Oil Deregulation Law: PH House Committee Approves Bill Amendment

Amid continuous fuel price hikes, the Philippine House committee approved the bill known as the Oil Deregulation Law.
Amid continuous fuel price hikes, the Philippine House committee approved the bill known as the Oil Deregulation Law.

Amid continuous fuel price hikes, the Philippine House committee approved the bill known as the Oil Deregulation Law.

Purpose of the Oil Deregulation Law

Also known as the Downstream Oil Industry Deregulation Act, the committee empowered the measure. However, it’s “subject to form and style.” The introduced stipulation aims to regulate the minimum reserve for petroleum products. Its purpose is to monitor supply security and divide petroleum costs.

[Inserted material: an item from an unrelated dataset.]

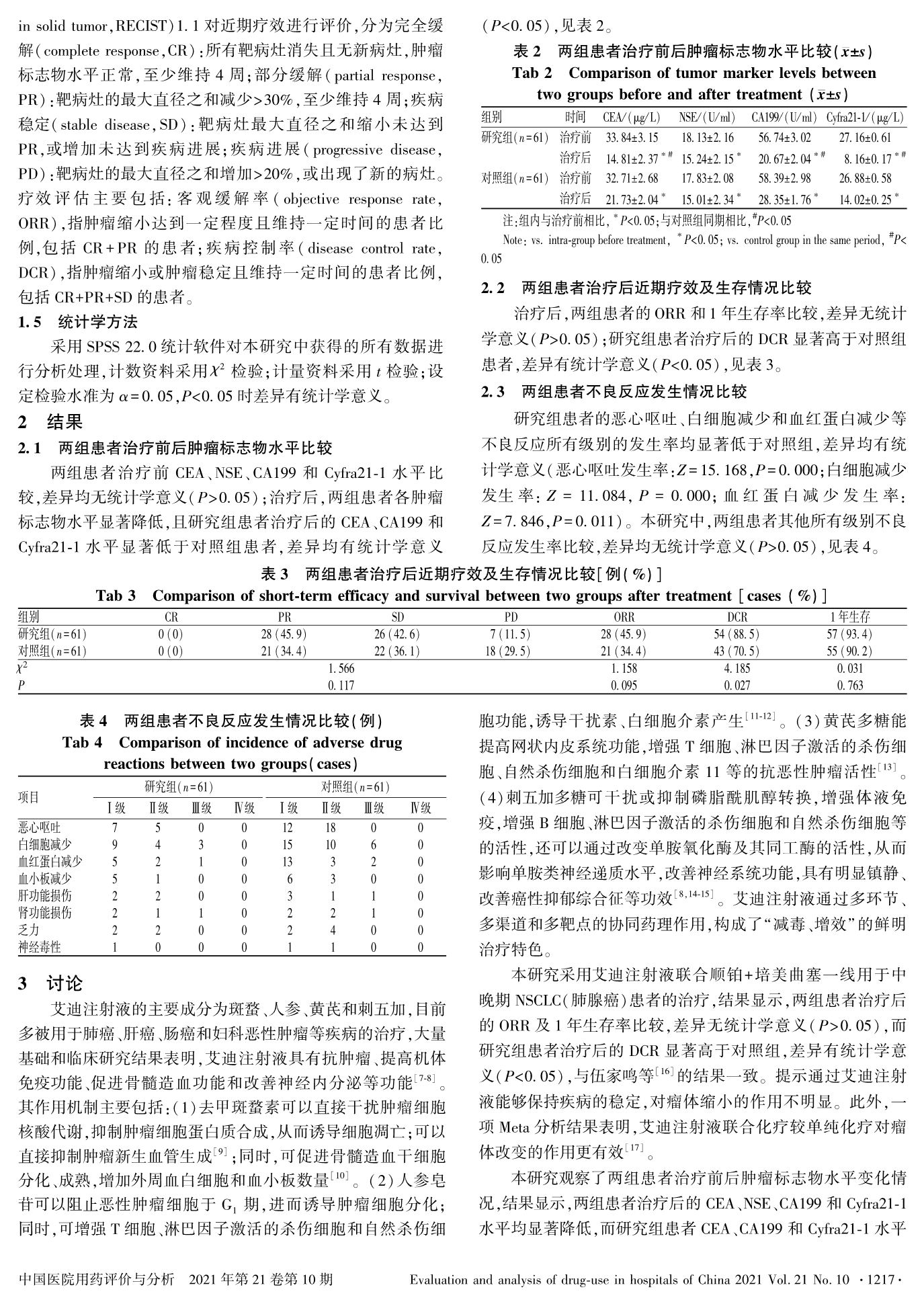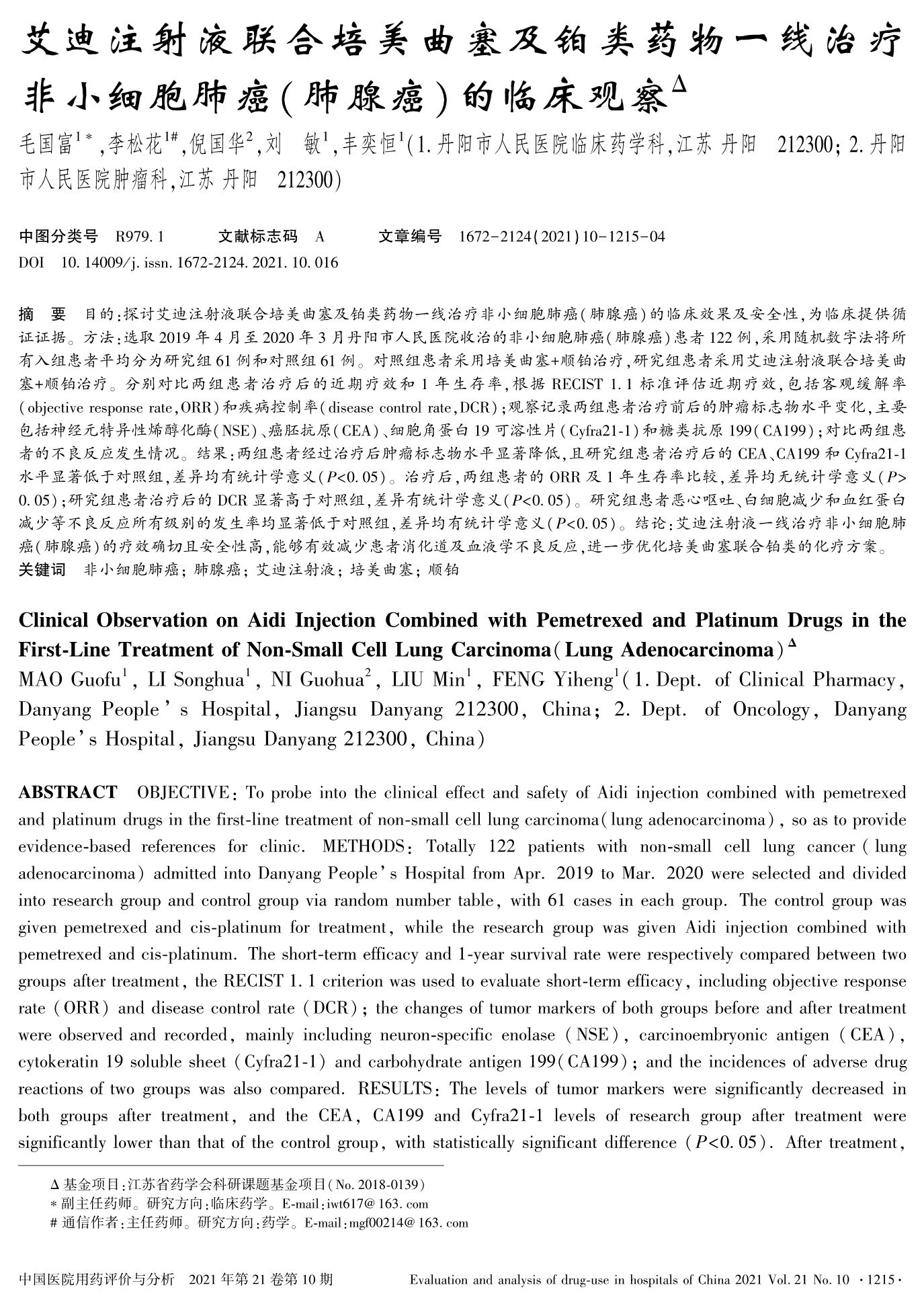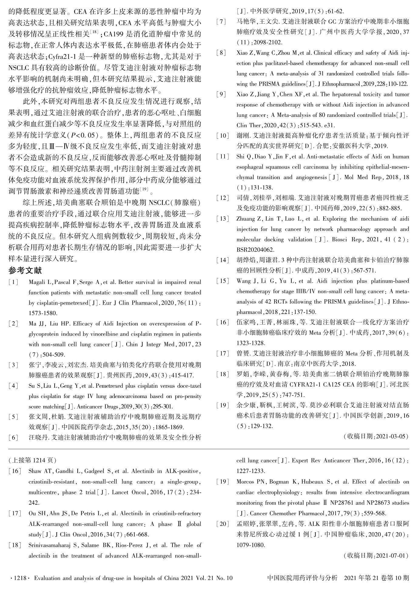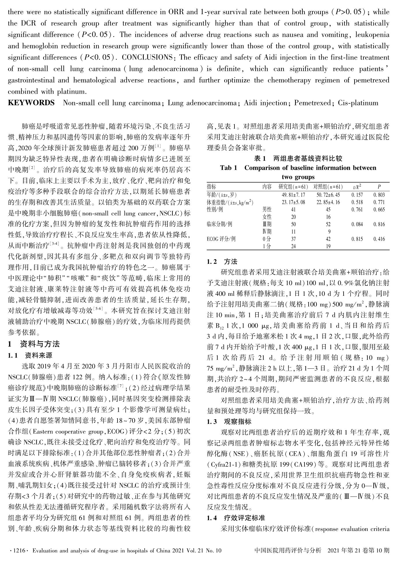 艾迪注射液联合培美曲塞及铂类药物一线治疗非小细胞肺癌(肺腺癌)的临床观察

“Unbundling the retail price of domestic petroleum product does not run counter to the principle of deregulation, and is, in fact, a tool to ensure its effectivity. “Thus, the DOE (Department of Energy) must be mandated and capacitated to monitor the unbundled retail prices,” said Marikina City Rep. Stella Luz Quimbo.

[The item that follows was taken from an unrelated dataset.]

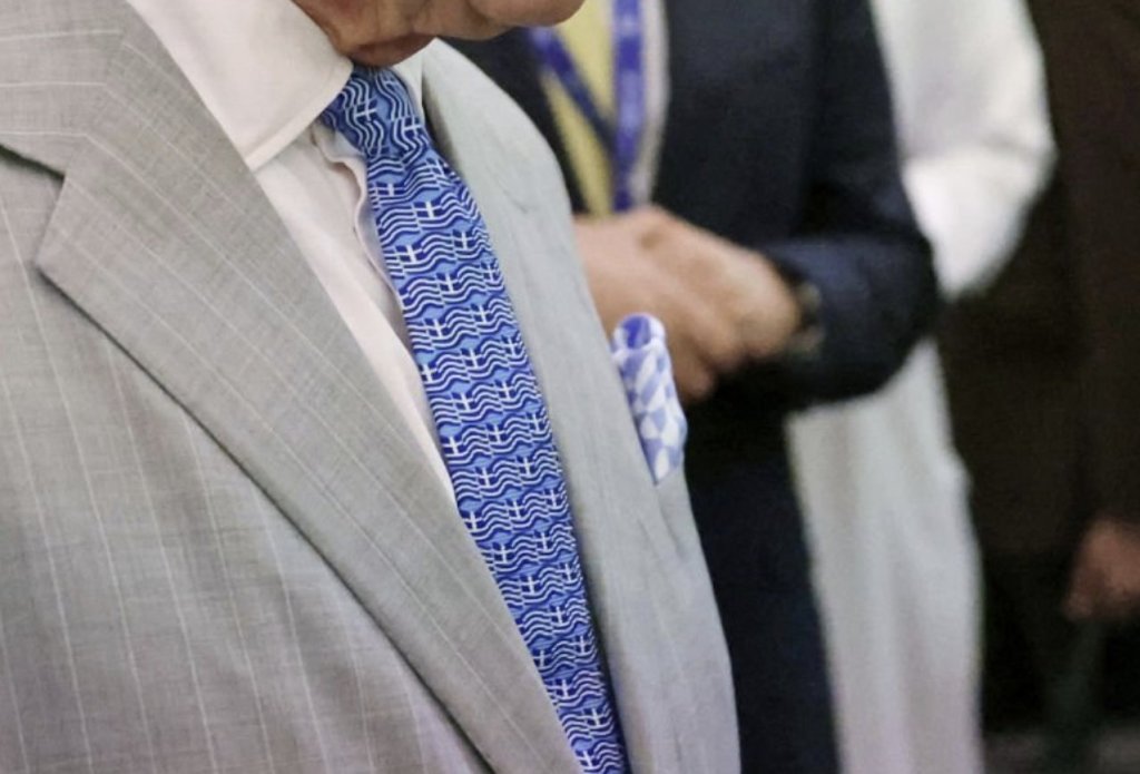 Worth looking closely, the King today, wearing a Greek flag tie at COP, after days of a simmering diplomatic row btw UK and Greek PM ??? pic.twitter.com/CEwaFmBYW4

She added that the measure would prevent companies from adjusting their pump prices unlawfully. They based it on the Mean of Platts Singapore’s (MOPS) weekly changes. It could be likewise established on the average daily trading transactions of diesel and gasoline.

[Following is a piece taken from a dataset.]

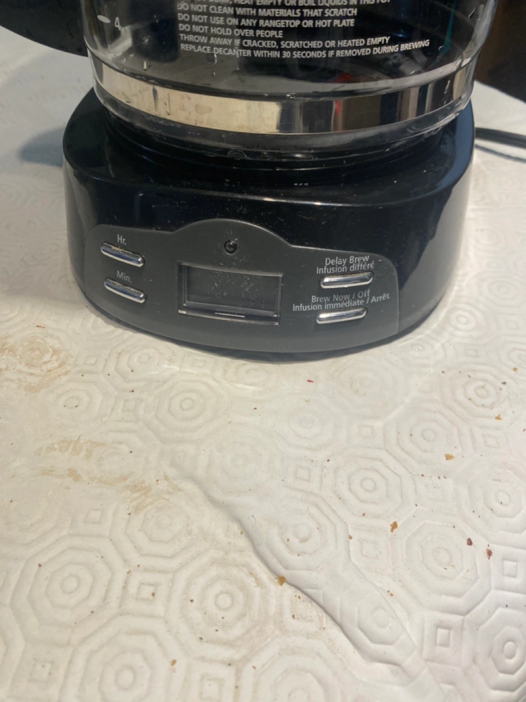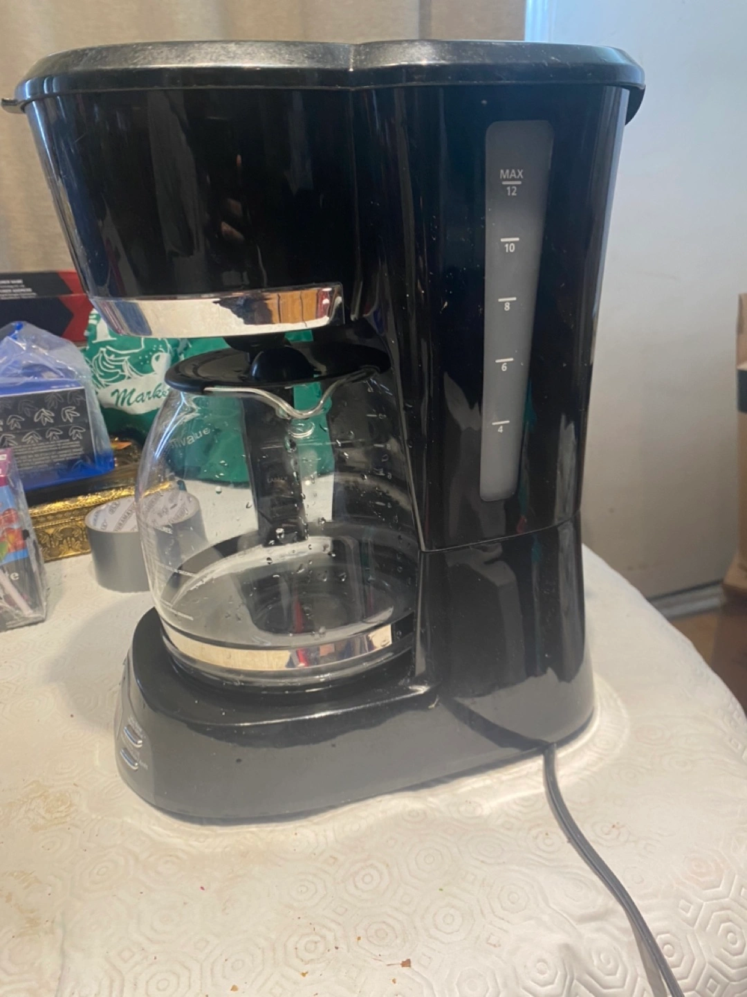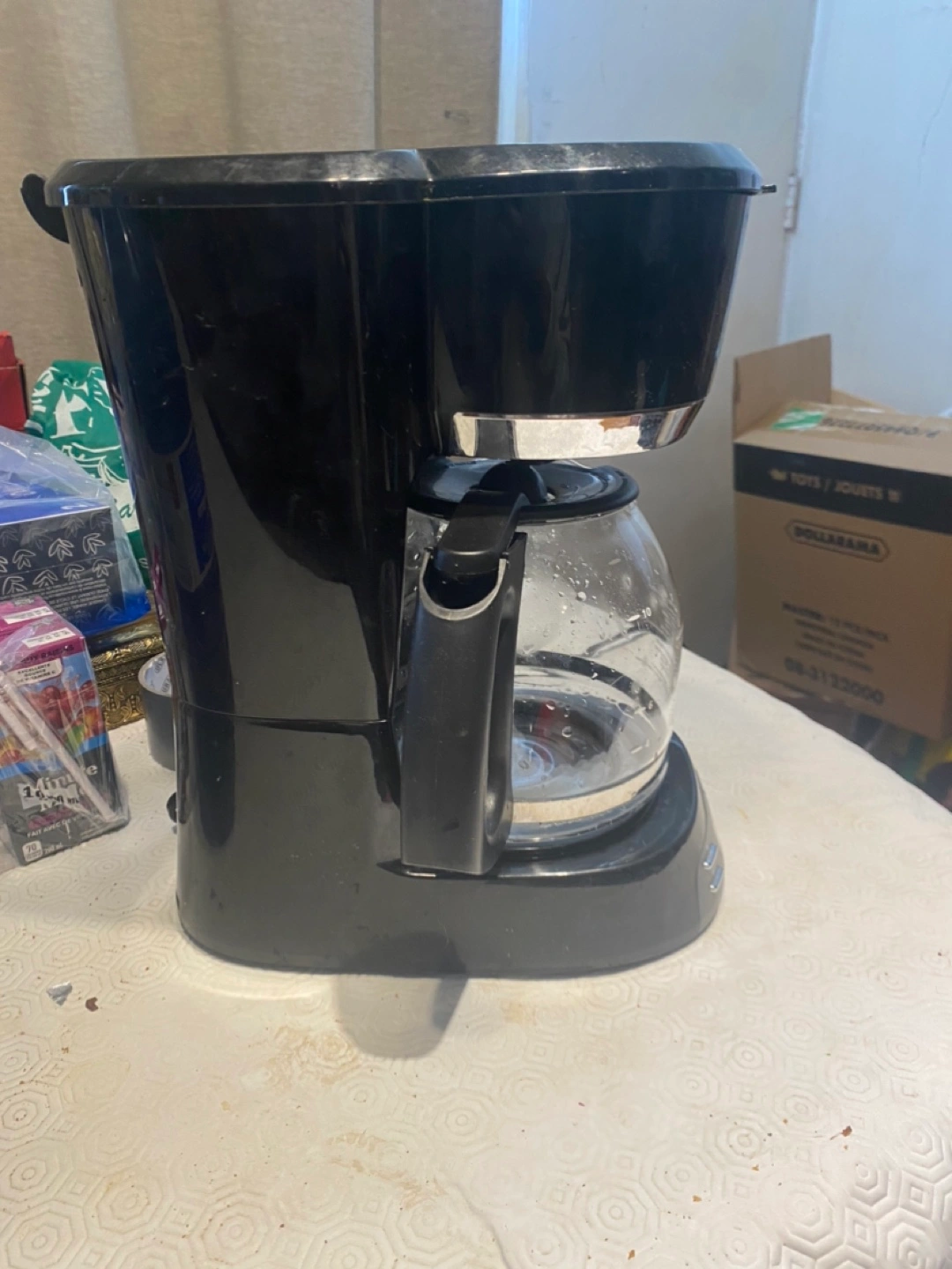 Black programmable coffee maker. Glass carafe. Delay brew function. 12-cup capacity.
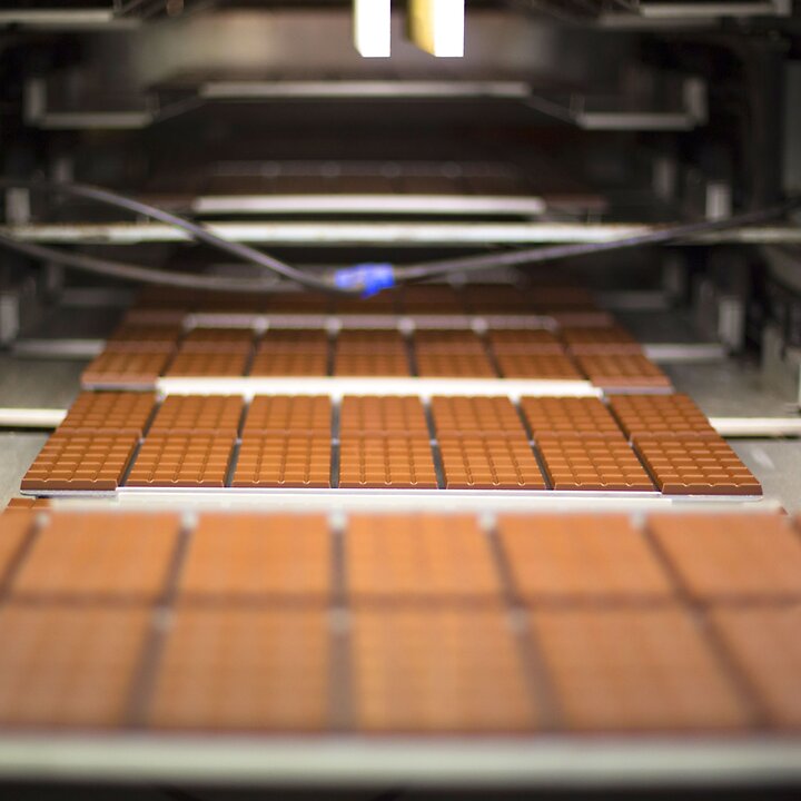 As for what shape the chocolate should finally take, there are almost no limits to what can be created. Chocolate bars of different weights, solid, filled or with extra ingredients such as nuts or sultanas – these are just some of the possibilities. There are also small chocolates such as napolitains, lunches, bars, branches and pralines with a wide variety of fillings. Seasonal items such as Easter bunnies or decorations for Christmas trees also feature in the range. Other popular lines include couvertures and semi-finished products for confectioners, patisseries and industrial enterprises.

The Singapore-based market wire service Standard and Poor’s Platts evaluates and summarizes the said transactions. Besides, it mustn’t be the presumption of price monitoring in the Philippines. Quimbo is also one of the authors of the legislation.

Earlier, the Palace conferred with Congress to review the Oil Deregulation Law. It’s a part of the government’s medium-term feedback to the Russia-Ukraine crisis.

Reduction of Excise Tax on Fuel Products

The Fuel Crisis Ad Hoc Committee highly suggested the endorsement of House Bill 10488 to the House of Representatives. The statute seeks to reduce the excise tax on fuel products.

Unquestionably, it will terminate TRAIN Law excise tax rates if the crude oil price exceeds $80. At the same time, it will return the same when it drops down to $65. The bill that amends the Oil Deregulation Law could quickly handle the country’s issues with increasing petroleum products.

“Our country is facing a serious energy crisis as oil prices have steadily increased for the past ten weeks. The year-to-date price adjustments for gasoline, diesel, kerosene and LPG stand at net increments of P20.25 per liter, P20.55 per liter, P17.58 per liter, and P12.05 per kilogram, respectively,” said the committee.

Government-Owned Strategic Petroleum Reserve

The worldwide market is experiencing wavering oil prices. The Independent Philippine Petroleum Companies Association (IPPCA) considers initiating government-owned strategic petroleum reserves. According to the organization, it is one of the long-term solutions to tackle the unpredictable oil prices.

“It’s strategic to store crude because you don’t need to dispose (of) it immediately, unlike diesel or gasoline,” said IPPCA chair Fernando Martinez.

He said in a Senate Energy Committee hearing that the supply facility should store crude. It’s because crude is safer to store than diesel or gasoline. The industry seeks the government’s help to convert lands in Bataan and Batangas for strategic reserve facilities since both provinces have ports.

Moreover, Martinez outlined a recommendation for the central bank to put Philippine reserves not only in gold or dollars. He’s also suggesting putting reserves in “black gold” or petroleum.

According to IPPCA, oil players are now investing ₱15 billion additional capital. They will import the same output of petroleum products regardless of the skyrocketing world market prices. He added that oil companies would shoulder all the losses when the price drops after doubling their stocks. Rather than holding off the excise tax after three months of a surge in oil prices, he suggested the suspension be after a month.